Лизета, привезя подружку поздно вечером, тихонько расспросила на лестнице горничную – и тоже весьма благоразумно не напоминала о полковнике Петрове, пока диковинная новость о его вдове не добралась и до театра. Тогда Анета, не веря ушам, пожелала узнать правду. И вот эта правда ее несколько ошарашила…
Ей казалось, что невозможно больше, ярче, пламеннее любить, чем любила она в те минуты, когда карета с умирающим катила по Большой Гарнизонной. Не бывает чувство большей остроты, думала Анета, дал Господь дойти до самого края, познать то, что немногим лишь суждено, оказалось – нет, кто-то, оказавшись на том же самом краю, кинулся вслед за любовью в бездну…

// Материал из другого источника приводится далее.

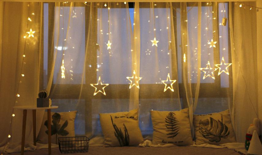 临海市大凡电子科技有限公司生产的LED五角星树灯,成为许多民宿的景观装饰。新华网发(临海市大凡电子科技有限公司供图)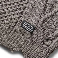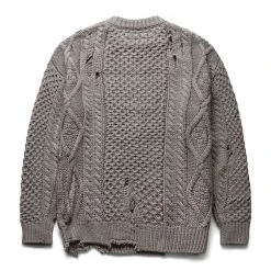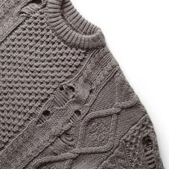 Neighborhood’s ‘Savage’ sweater is aptly named – its classic cable knit pattern is artfully interrupted by ripped holes and a distressed hem.Â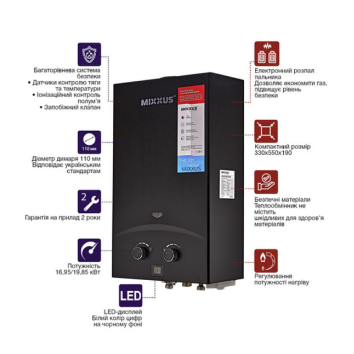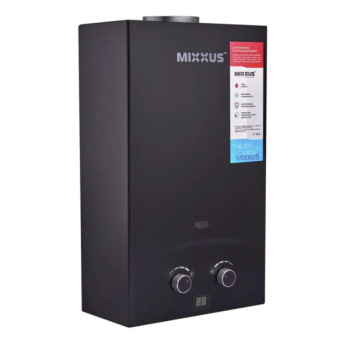 Газовая колонка MIXXUS GWH-0210 – это современный, стильный и функциональный нагревательный прибор с открытой камерой сгорания. Для запуска процесса розжига при открытии крана сети ГВС необходимо обеспечить электропитание, вставив в специальный отсек 2 батареи.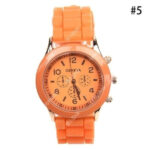 It is a fashion wristwatch with a vibrant orange color.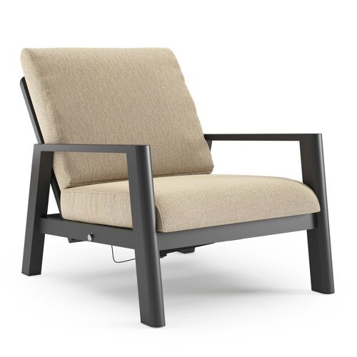 Cirello loungestoel in zwart aluminium met althea camel all weather cosytica kussen | Exterioo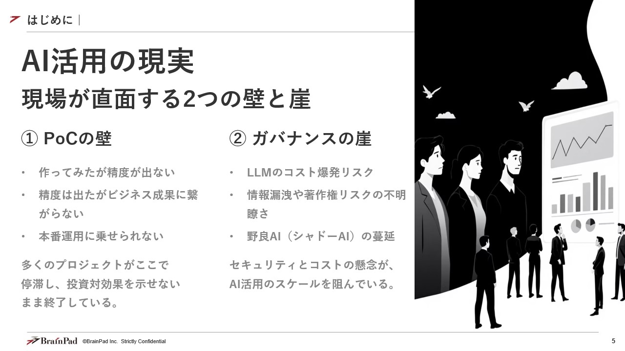 ブレインパッドがデータ分析の専門家として、多くの企業のAIプロジェクトをご支援する中で目にしてきたのは、AI活用を本格化させようとする企業が必ず直面する、「2つの壁」の存在でした。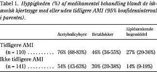 Tabel 1 viser, at forebyggende medicin blev anvendt signifikant hyppigere til den del af patienterne, som tidligere havde haft AMI. I denne gruppe fik 76% acetylsalicylsyre, 46% betablokkere og 27% lipidsænkende lægemidler. Der var ingen signifikant kønsforskel inden for nogen af grupperne. Blandt patienter med tidligere AMI fik 16% (95% sikkerhedsinterval: 11-24%) både acetylsalicylsyre, betablokkere og lipidsænkende lægemidler, mens 41% (32-50%) fik acetylsalicylsyre og betablokkere, men ikke lipidsænkende lægemidler.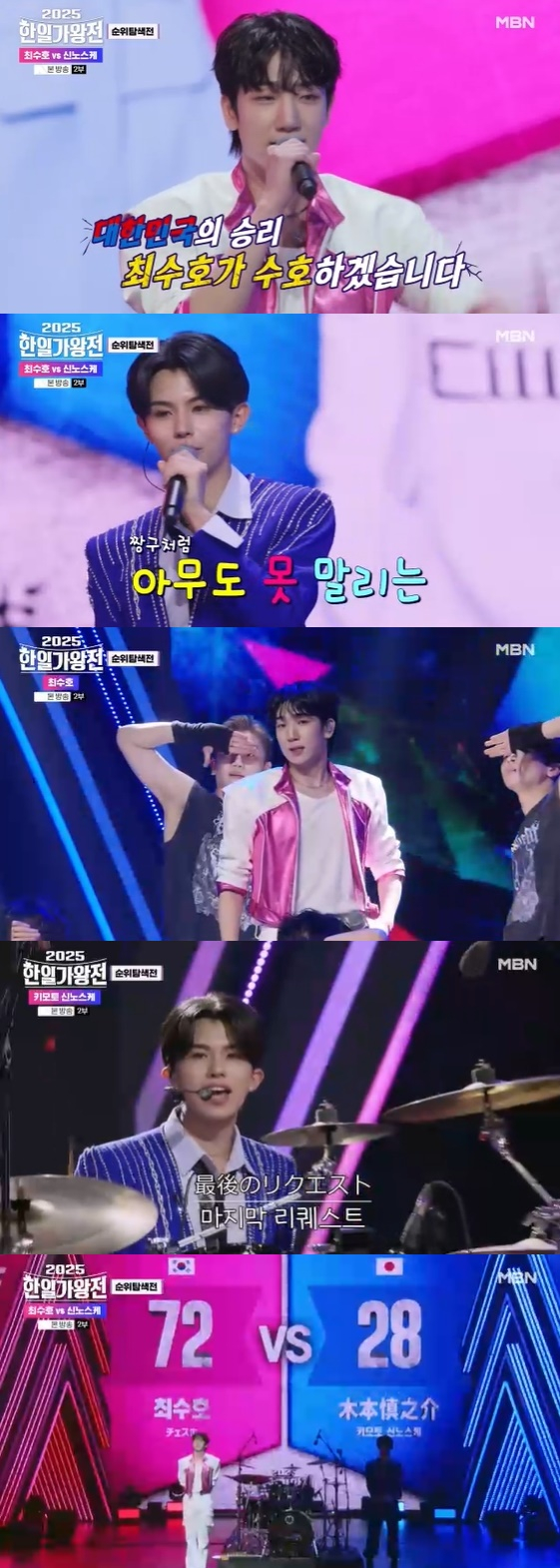 막내 대결로 성사된 이날 무대에서 최수호는 "공교롭게도 막내의 대결이 되었는데 대한민국의 승리를 최수호가 수호하겠다"라고 포부를 밝혔다.

Но можно ли тут говорить о силе чувства? Или это – иное? Недоступное обычным людям, и танцоркам театральным – в том числе?
Лизета, верная подружка, хотя при случае язва препорядочная, сообразила, каким словом помочь Анете.
– Не хотела бы я до такой любви дожить, чтобы через нее разума лишиться, – сказала она и тут же дала неожиданное и оттого тем более сильное доказательство своей приязни: – А в самом деле, что нам на нее любоваться? Довезем Машу – да и поедем домой! Погоди, душа моя, настанут холода – она живенько в разум придет. И с любовью своею вместе…
* * *
– Аксинья! – позвал глубокий мужской голос.
Андрей Федорович даже не повернулся. У него было намечено пройти до рассвета от Сытина рынка до Тучкова буяна, потом по наплавному мосту – на Васильевский остров к Смоленскому кладбищу. Что-то полюбилось оно Андрею Федоровичу. Помолясь на кладбище, можно и в обратный путь пускаться. Мало ли какую Аксинью зовет привыкший к повиновению мужчина?
– Аксинья!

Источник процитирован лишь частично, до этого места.